Segment Start: SOURCE MATERIAL

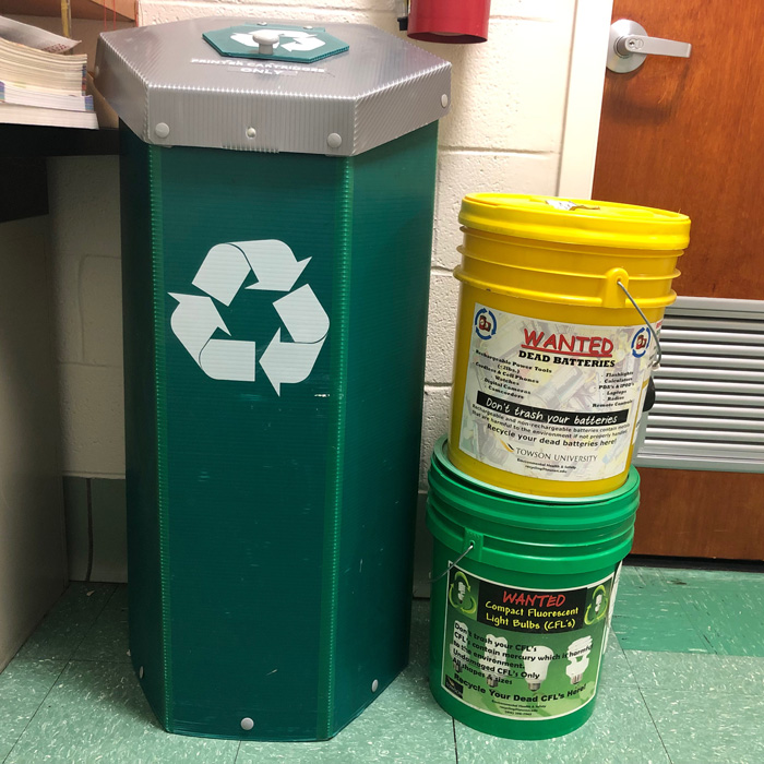 At TU, paper, plastic, glass and metal can be placed in one bin. All items must be
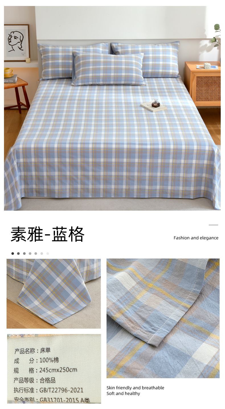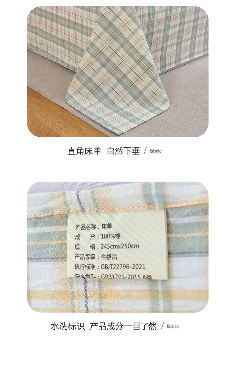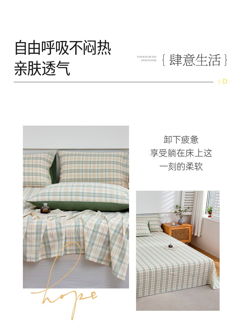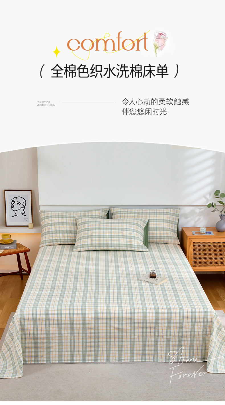 春皖家纺 2026新款色织AB版水洗棉三件套四件套单品系列(单床单-A版风格一) 翠竹-果条
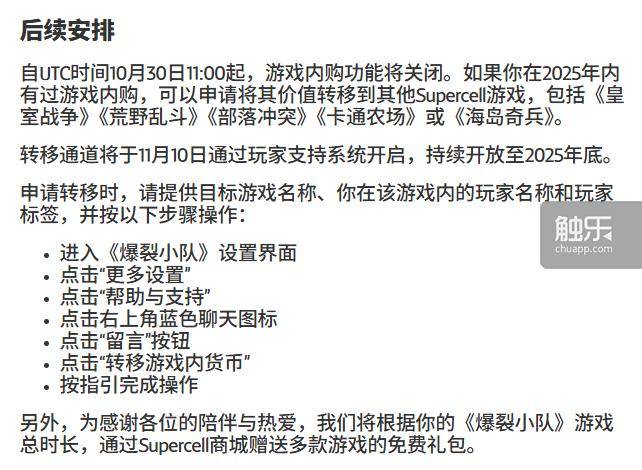Supercell《爆裂小队》即将终止开发,最后一次更新将在2025年12月上线日,Supercell官方发布公告,正式宣布终止旗下派对动作游戏《爆裂小队》(Squad Busters)的后续内容开发,游戏的最后一次更新定于2025年12月推出,预计将不早于2026年年中关闭游戏服务器。
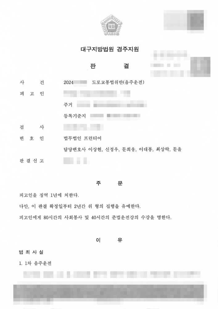 음주운전 사건에서 집행유예는 단순히 법정 구속을 면하는 것을 넘어, 피고인이 사회에서 자숙하고 재활할 수 있는 기회를 얻는다는 점에서 매우 중요한 의미를 가집니다. 특히 본 사건과 같이 음주운전 전력이 있고 혈중알코올농도 수치가 높은 경우, 실형 선고의 가능성이 매우 높으므로 집행유예 판결은 상당한 법률적 성과로 평가될 수 있습니다. 이 사건을 통해 알 수 있듯이 음주운전은 가볍게 여길 수 없는 중대한 범죄이며, 만약 음주운전으로 적발되어 법적 위기에 처했다면 반드시 양산음주운전변호사와 같은 전문 변호인의 조력이 필요합니다.
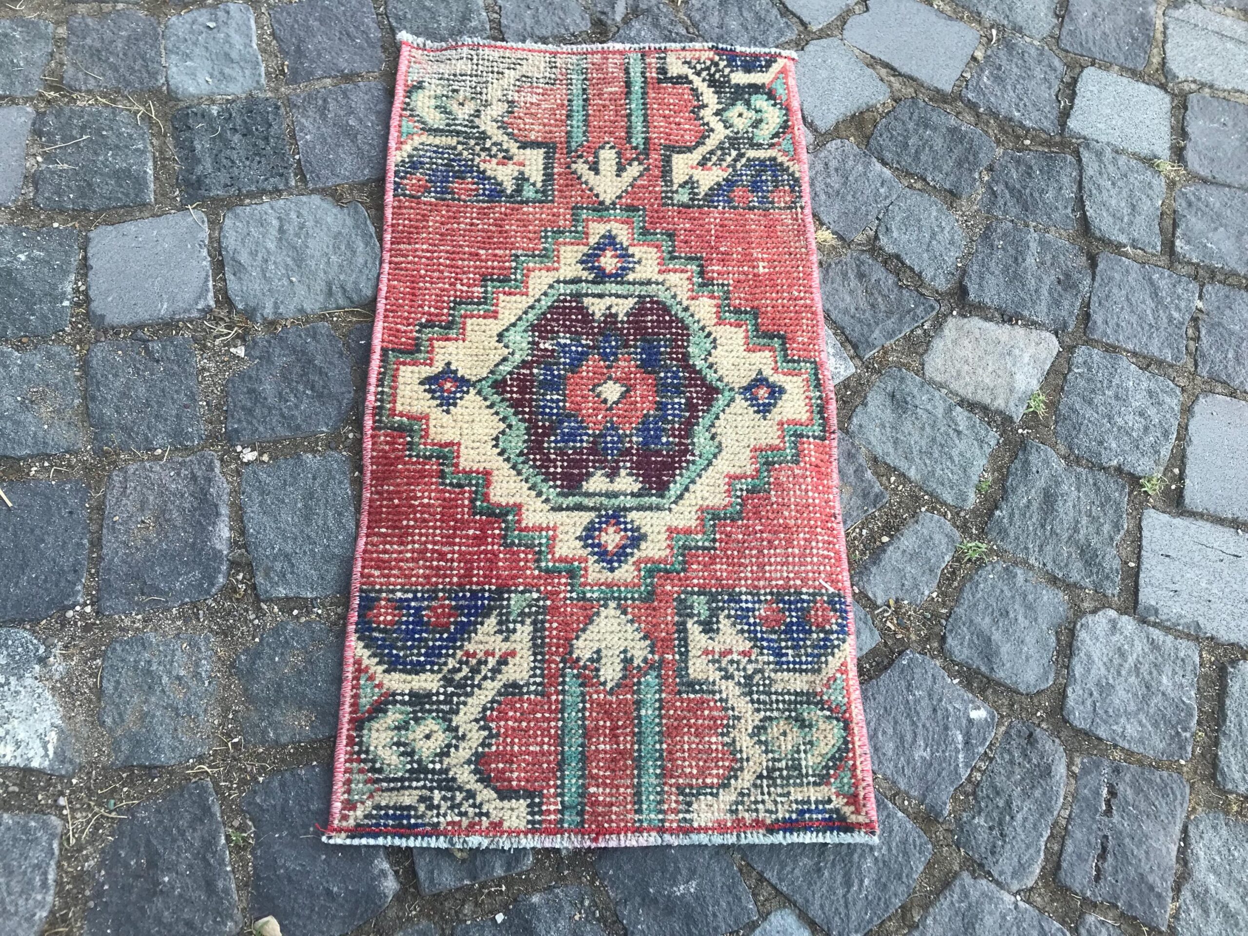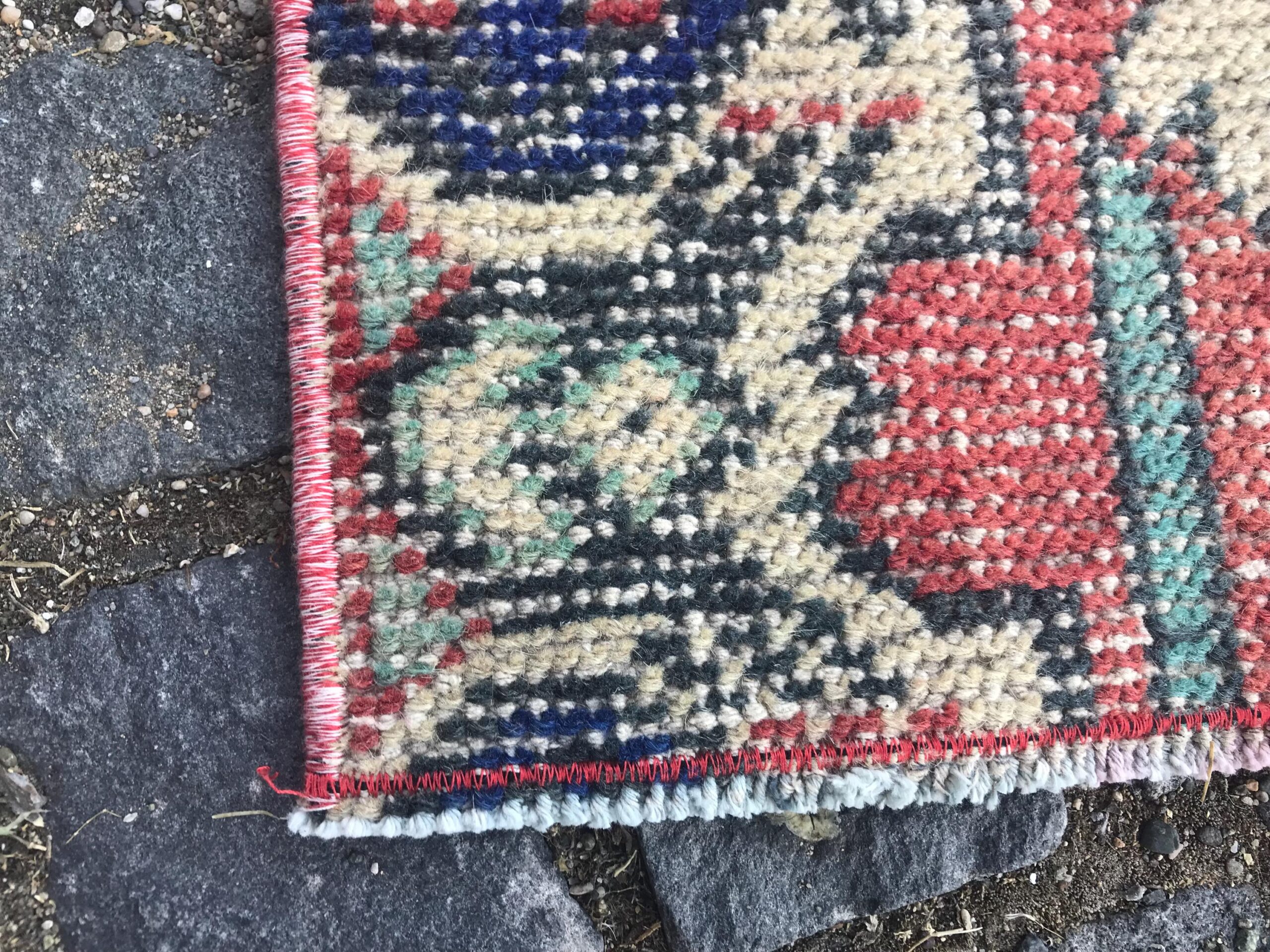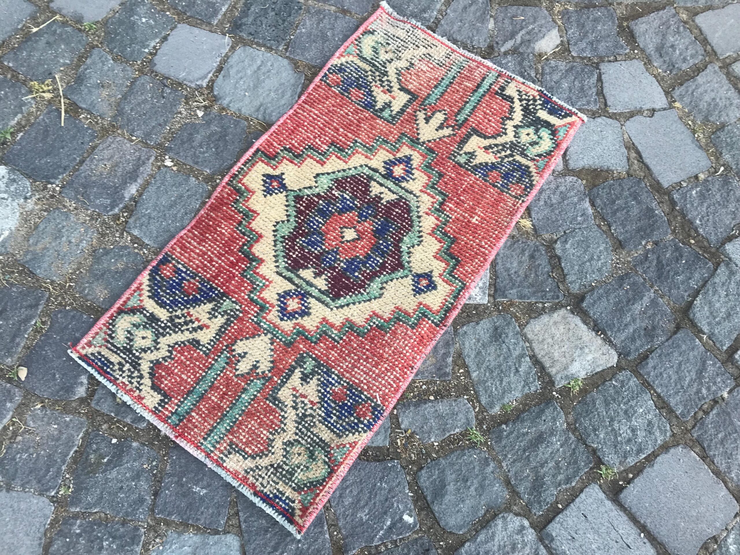 Lovely and unique 1.3 ft. x 2.4 ft. (39 cm x 72 cm) vintage Turkish rug hand-knotted in Turkey from organic wool. This is an authentic vintage Turkish rug from the 1980s that has worn beautifully to perfection.
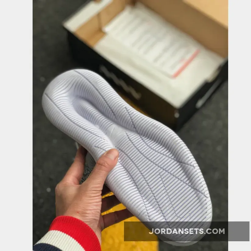 Set to launch in two color options, one in Blue Void/Red Orbit-Black and the other in White/Black-Wolf Grey. Both feature a combination of tumbled leather with synthetic textiles highlighted by an embroidered circular design with a grid pattern on the quarter panels. Additional details includes a speed lacing system, nylon pull tabs, padded leather collar atop a rippled rubber outsole.
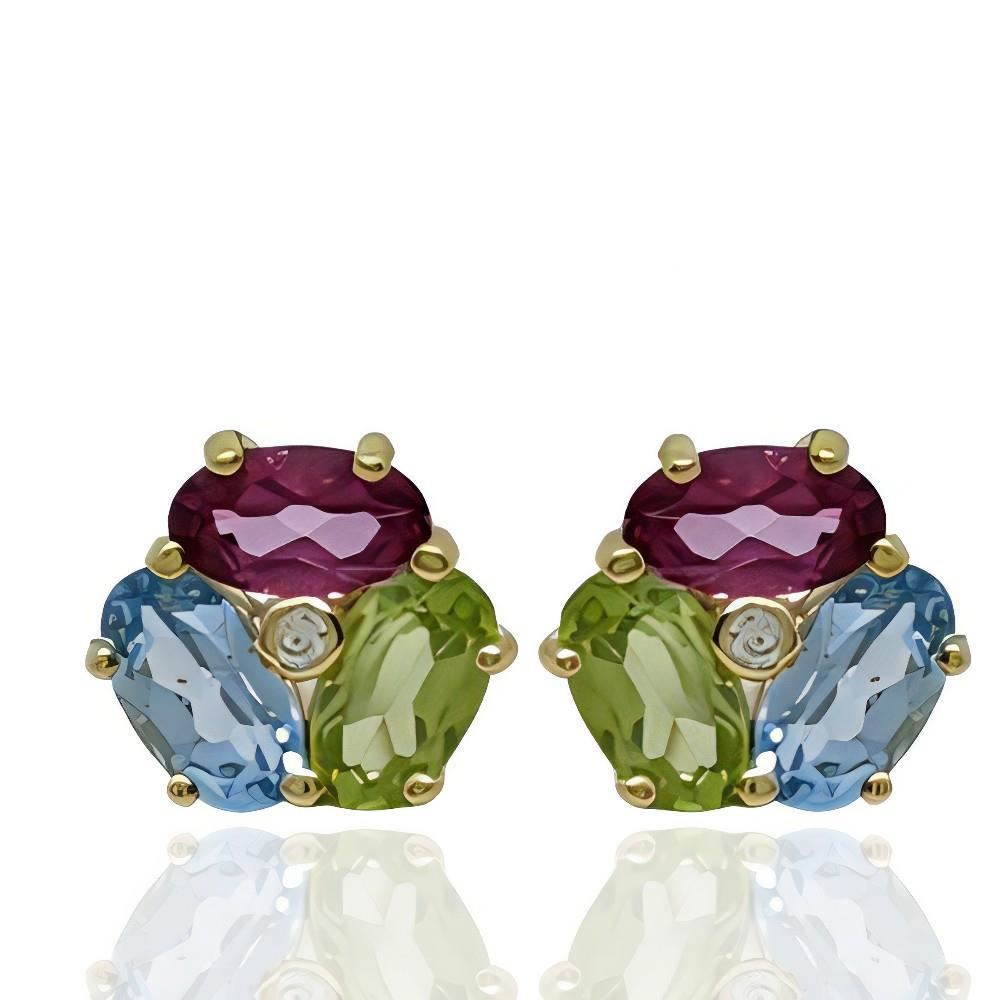 Pendientes Oro Amarillo de 18 quilates con piedras de colores, 8mm y cierre de presión.
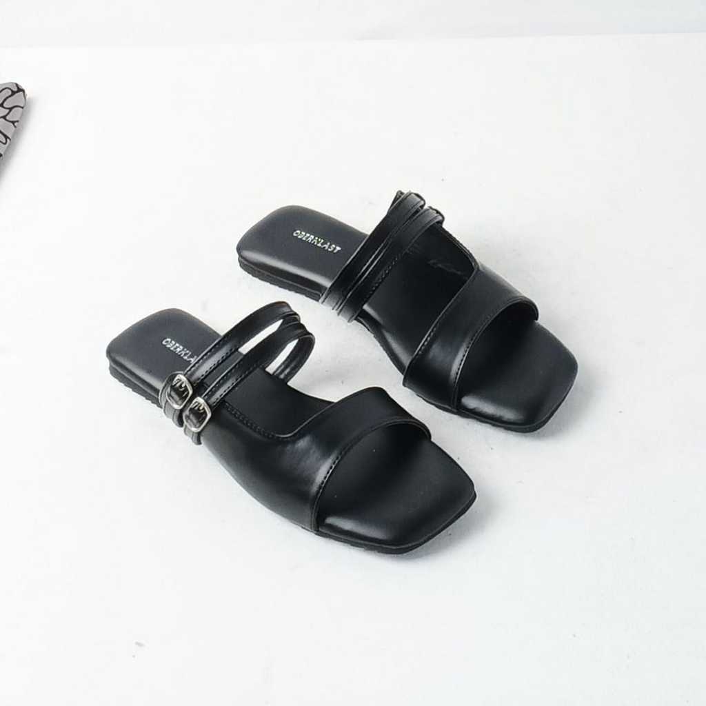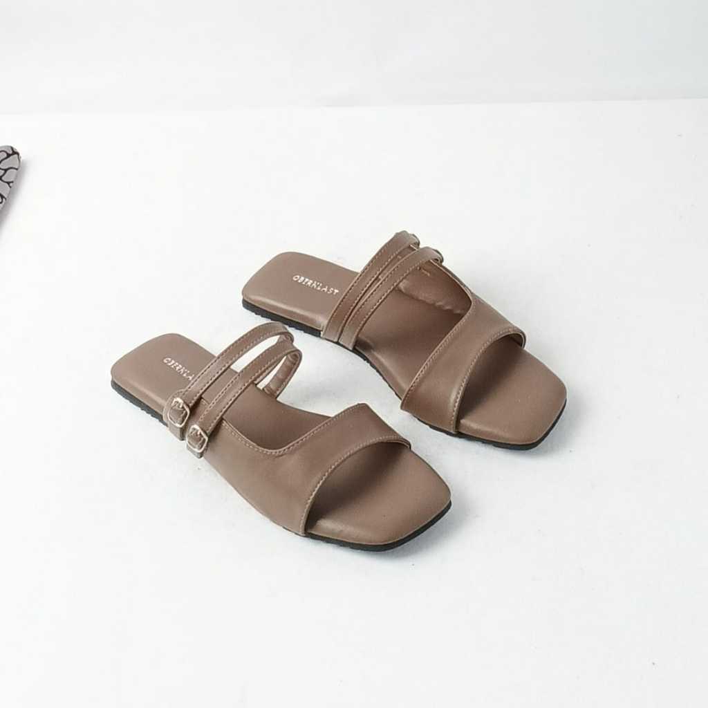 OBERKLAST Elara Sandal - Warna Hitam, Coklat, Beige Aksen Double Strap dengan Buckle Gesper Kecil

Segment End: SOURCE MATERIAL

> PROBLEM TO WORK ON: The required answer is the lines from the one that contains "Pendientes Oro Amarillo" through the last line of the records, restated word for word, with every picture dropped.

> WRITTEN SOLUTION:
 Pendientes Oro Amarillo de 18 quilates con piedras de colores, 8mm y cierre de presión.
 OBERKLAST Elara Sandal - Warna Hitam, Coklat, Beige Aksen Double Strap dengan Buckle Gesper Kecil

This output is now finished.